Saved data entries
######
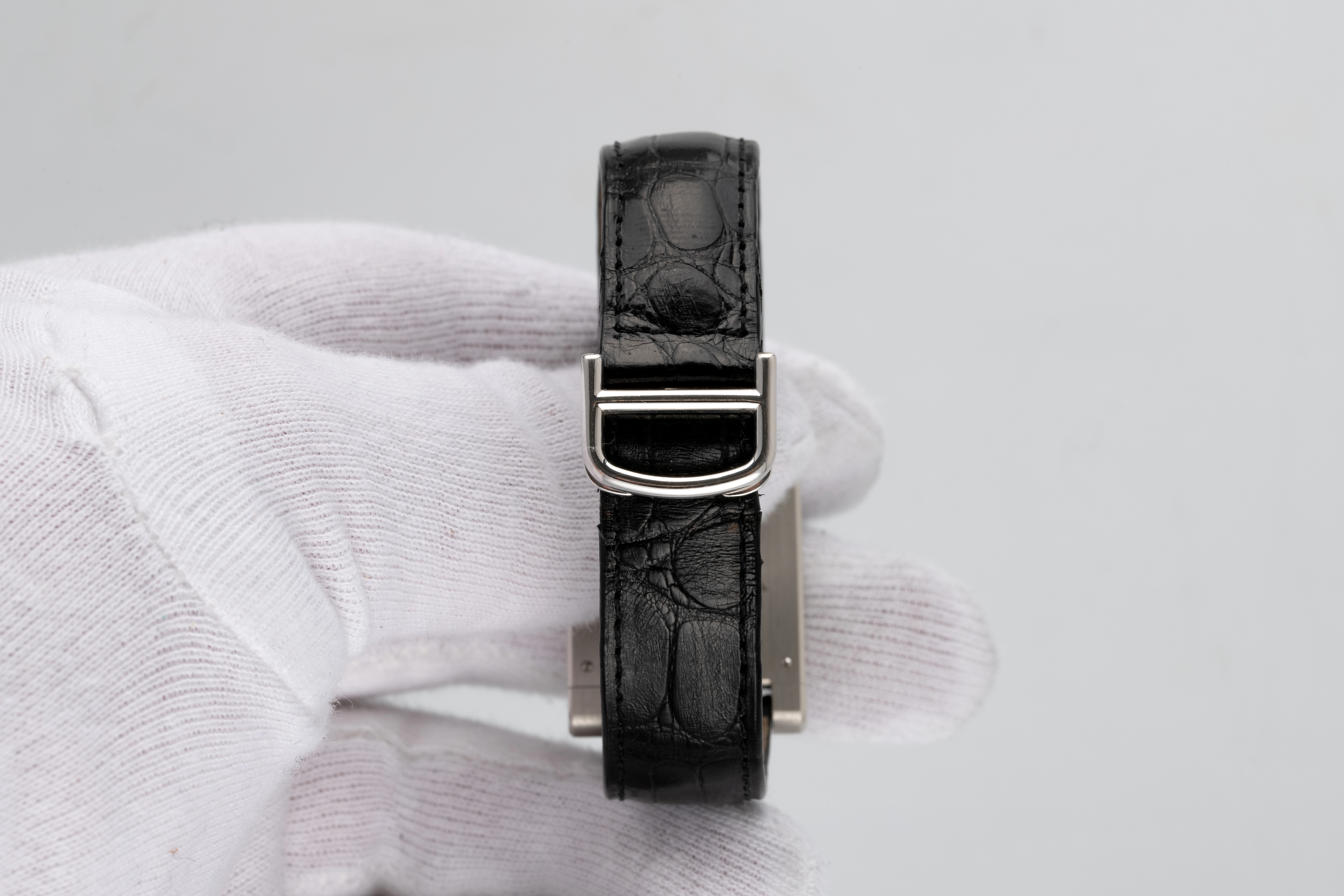 The watch was produced in an edition of 150 pieces in 950 platinum and was given a slightly larger case of 26 x 37 mm compared to historical watches, dictated by the emerging trend towards the popularity of larger wristwatches (it was in 1997 that the Vendôme group, which included Cartier, bought Panerai, the standard watch size of this brand was 44 mm, almost unimaginable in earlier times). Of course, the 1997 Tank à Guichet is still perceived today as a modest size, in keeping with the vintage Art Deco style of this edition. The movement that animated the displays of this model was based on a movement-blank supplied by Piaget, also belonging to the Vendôme group.
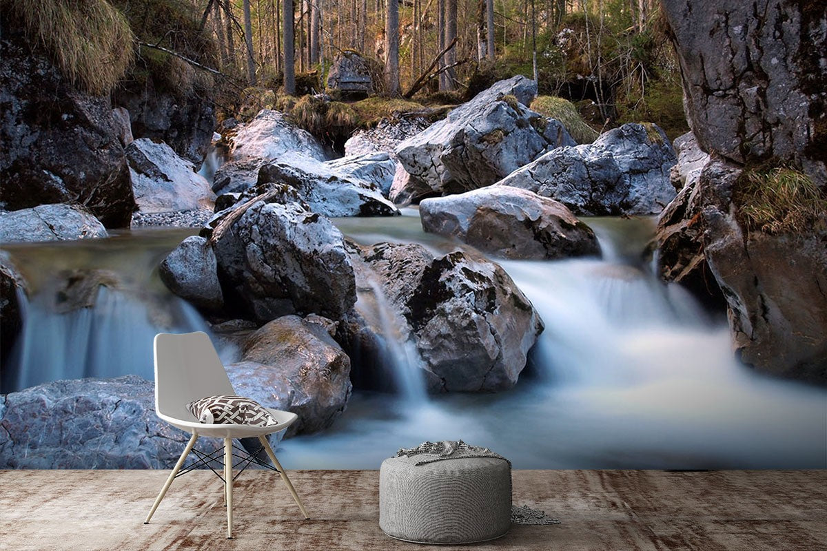 Rocky Stream Nature Waterfall Brown Wallpaper Mural,Self-Adhesive Peel And Stick 3D Wall Mural,Australian Company Bedroom Wall Decor
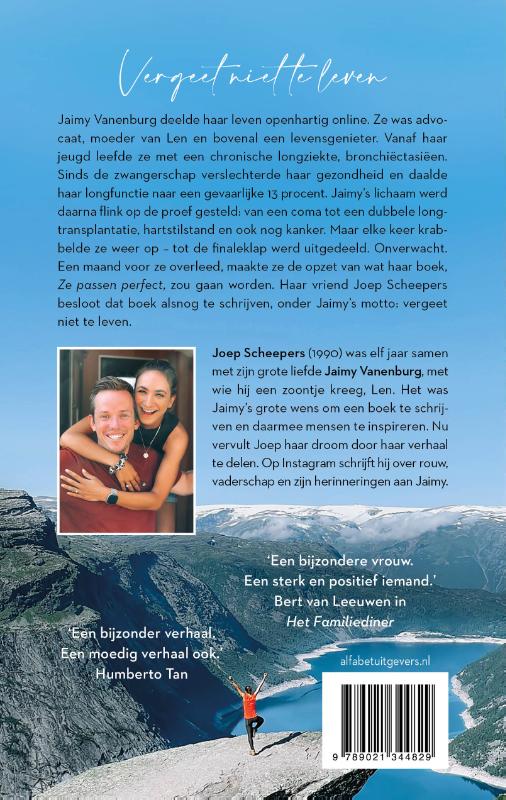Bestel nu de limited edition eerste druk met panterprint op snee. OP = OP Jaimy Vanenburg deelde haar leven openhartig online. Ze was advocaat, moeder van Len en bovenal een levensgenieter. Vanaf haar jeugd leefde ze met een chronische longziekte, bronchiëctasiëen. Sinds de zwangerschap verslechterde haar gezondheid en daalde haar longfunctie naar een gevaarlijke 13 procent. Jaimy’s lichaam werd daarna flink op de proef gesteld: van een coma tot een dubbele longtransplantatie, hartstilstand en ook nog kanker. Maar elke keer krabbelde ze weer op – tot de finaleklap werd uitgedeeld. Onverwacht. Een maand voor ze overleed, maakte ze de opzet van wat haar boek, Ze passen perfect, zou gaan worden. Haar vriend Joep Scheepers besloot dat boek alsnog te schrijven, onder Jaimy’s motto: vergeet niet te leven.
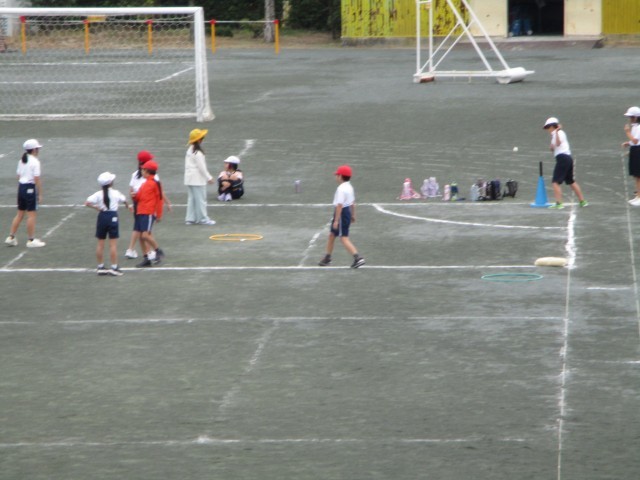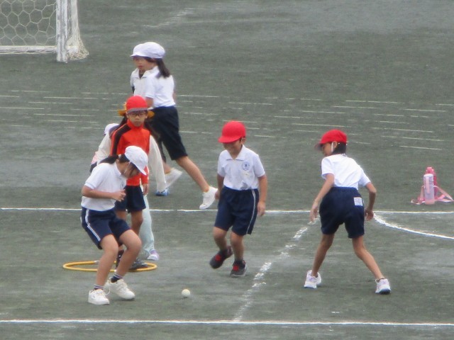 ハンドベースボールの授業のようすです。守備のチームはみんなが協力してアウトを取っていました。
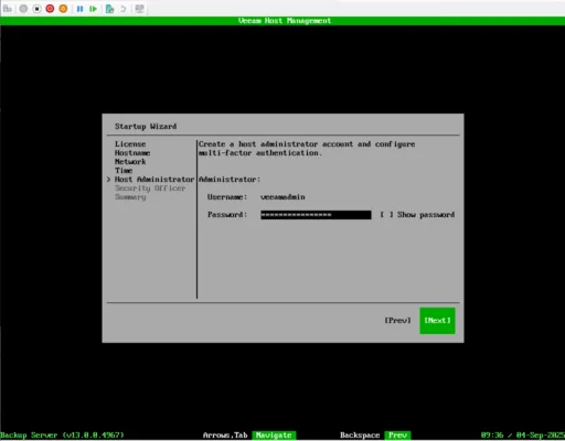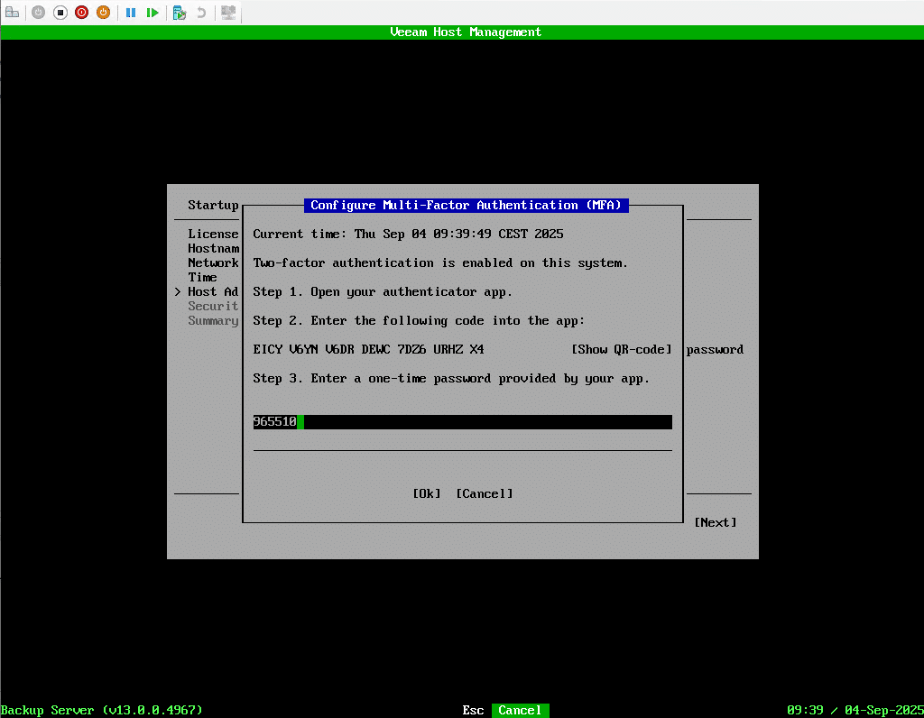 We continue with the configuration of the veeamadmin account, where we must configure the password and the TOTP code.
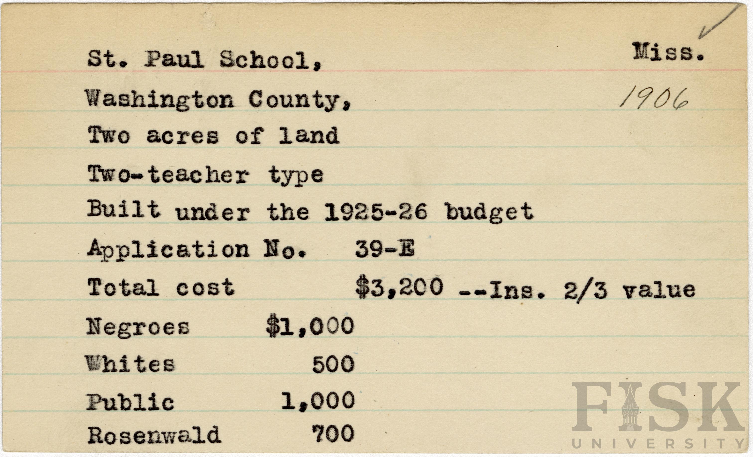 - School card from Rosenwald Fund for St. Paul School in Washington County, Mississippi with a section added to the budget contributions that says, "Ins. 2/3 value"
######
Try it:
Each line above is to be duplicated exactly, and the pictures are to be omitted.

Exercise response:
 The watch was produced in an edition of 150 pieces in 950 platinum and was given a slightly larger case of 26 x 37 mm compared to historical watches, dictated by the emerging trend towards the popularity of larger wristwatches (it was in 1997 that the Vendôme group, which included Cartier, bought Panerai, the standard watch size of this brand was 44 mm, almost unimaginable in earlier times). Of course, the 1997 Tank à Guichet is still perceived today as a modest size, in keeping with the vintage Art Deco style of this edition. The movement that animated the displays of this model was based on a movement-blank supplied by Piaget, also belonging to the Vendôme group.
 Rocky Stream Nature Waterfall Brown Wallpaper Mural,Self-Adhesive Peel And Stick 3D Wall Mural,Australian Company Bedroom Wall Decor
Bestel nu de limited edition eerste druk met panterprint op snee. OP = OP Jaimy Vanenburg deelde haar leven openhartig online. Ze was advocaat, moeder van Len en bovenal een levensgenieter. Vanaf haar jeugd leefde ze met een chronische longziekte, bronchiëctasiëen. Sinds de zwangerschap verslechterde haar gezondheid en daalde haar longfunctie naar een gevaarlijke 13 procent. Jaimy’s lichaam werd daarna flink op de proef gesteld: van een coma tot een dubbele longtransplantatie, hartstilstand en ook nog kanker. Maar elke keer krabbelde ze weer op – tot de finaleklap werd uitgedeeld. Onverwacht. Een maand voor ze overleed, maakte ze de opzet van wat haar boek, Ze passen perfect, zou gaan worden. Haar vriend Joep Scheepers besloot dat boek alsnog te schrijven, onder Jaimy’s motto: vergeet niet te leven.
 ハンドベースボールの授業のようすです。守備のチームはみんなが協力してアウトを取っていました。
 We continue with the configuration of the veeamadmin account, where we must configure the password and the TOTP code.
 - School card from Rosenwald Fund for St. Paul School in Washington County, Mississippi with a section added to the budget contributions that says, "Ins. 2/3 value"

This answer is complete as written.